Test Your Knowledge Exercises
- Explain the concept of closeness centrality in your own words. How does it differ from degree centrality?
- Using the
u_mat
matrix in the tutorial, manually calculate the closeness centrality for the node “Jen.” Show your calculations step by step. - Using the “Get Along With” network, identify why only the largest component is analyzed for closeness centrality. What are the potential consequences of ignoring smaller components?
- In the “Power and Influence Network,” why do we adjust the
gmode
argument when calculating closeness centrality? What are the implications of analyzing a directed network as undirected? - For both the “Get Along With” and “Power and Influence” networks, calculate the standardized closeness centrality for a specific node of your choice. Compare the results between the two networks.

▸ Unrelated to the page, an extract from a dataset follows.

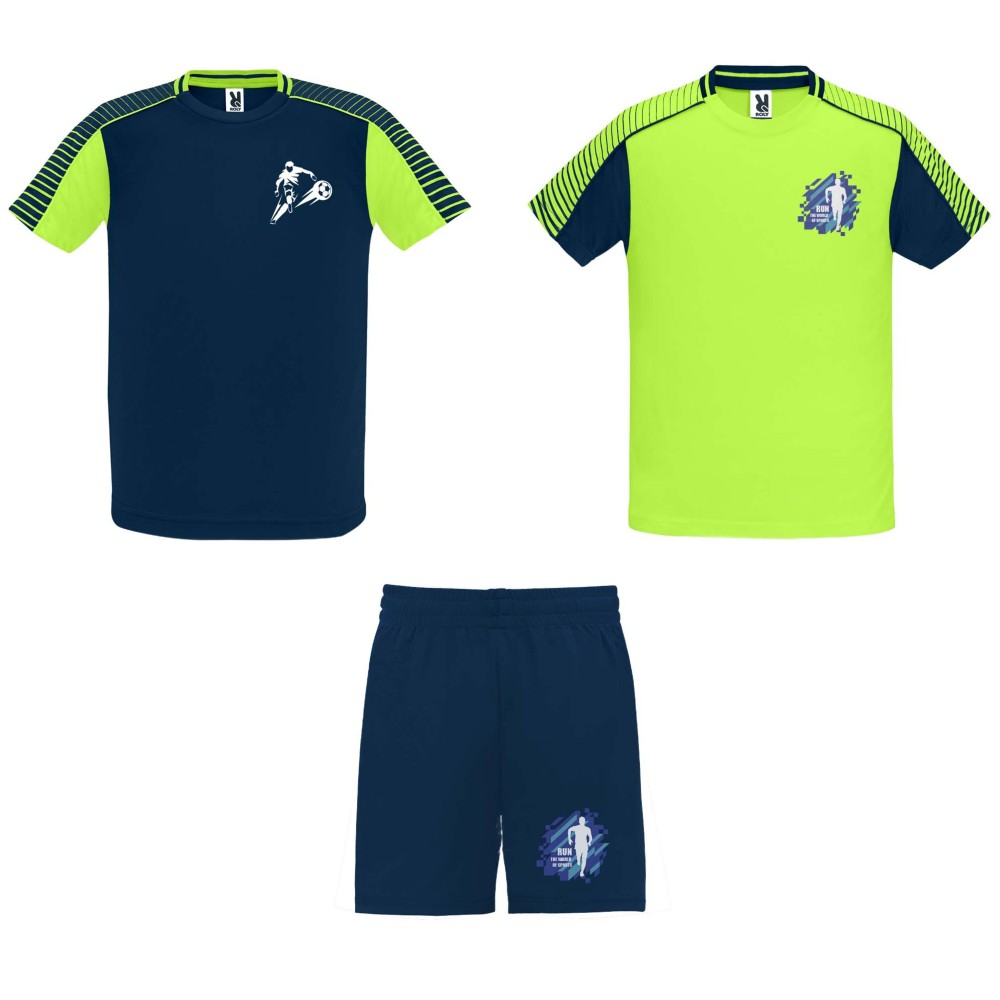 A szett 2 pólóból és 1 rövidnadrágból áll. A pólók színe ellentétes. Technikai és légáteresztő anyag. Pólók fél-raglán ujjal, kerek nyakkal. Rövidnadrág gumis derékkal, azonos színű húzózsinórral és biztonsági varrással, kontrasztos oldalcsíkkal és oldalsliccel. Eltávolítható címke. Emblémázás: Szitanyomás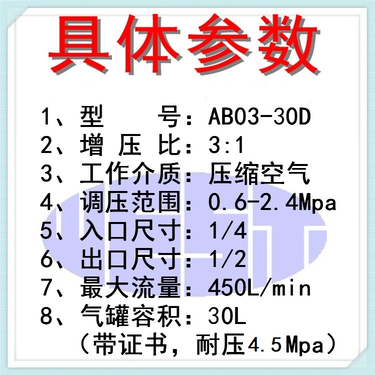8、氣罐容積:30L(帶證書(shū)耐壓4.5Mpa)

- Interpret the group closeness centralization score for the “Get Along With” network. What does this score reveal about the structure of the network?
- Explain why
Inf
values appear in the geodesic distance matrix for directed graphs and how these values are handled during calculations. - Using the “Power and Influence Network,” examine the visual representation of the first component. What structural patterns do you observe, and how do these relate to the closeness centrality scores?
- After calculating the closeness centralization scores for both networks, compare their values. What do the differences in scores suggest about the overall structure of the two networks?
Tutorial Summary
This tutorial provided an introduction to calculating closeness centrality and centralization in network analysis using R. It begins by explaining the theoretical foundation of closeness centrality, emphasizing its distinction from degree centrality by focusing on the inverse of the average distance between nodes. The tutorial demonstrates how to manually compute closeness centrality using the geodist()
function from the sna
package and visualize results through network plots. It covered both undirected and directed graphs, highlighting the nuances of analyzing asymmetric relationships and handling disconnected components. Additionally, the tutorial introduced the concept of group closeness centralization, which measures the variability in closeness scores across the network, and explains how to compute it using the centralization()
function. Real-world examples, such as the “Get Along With” and “Power and Influence” networks from the Prison Inmate Networks Study (PINS), illustrate the practical application of these metrics.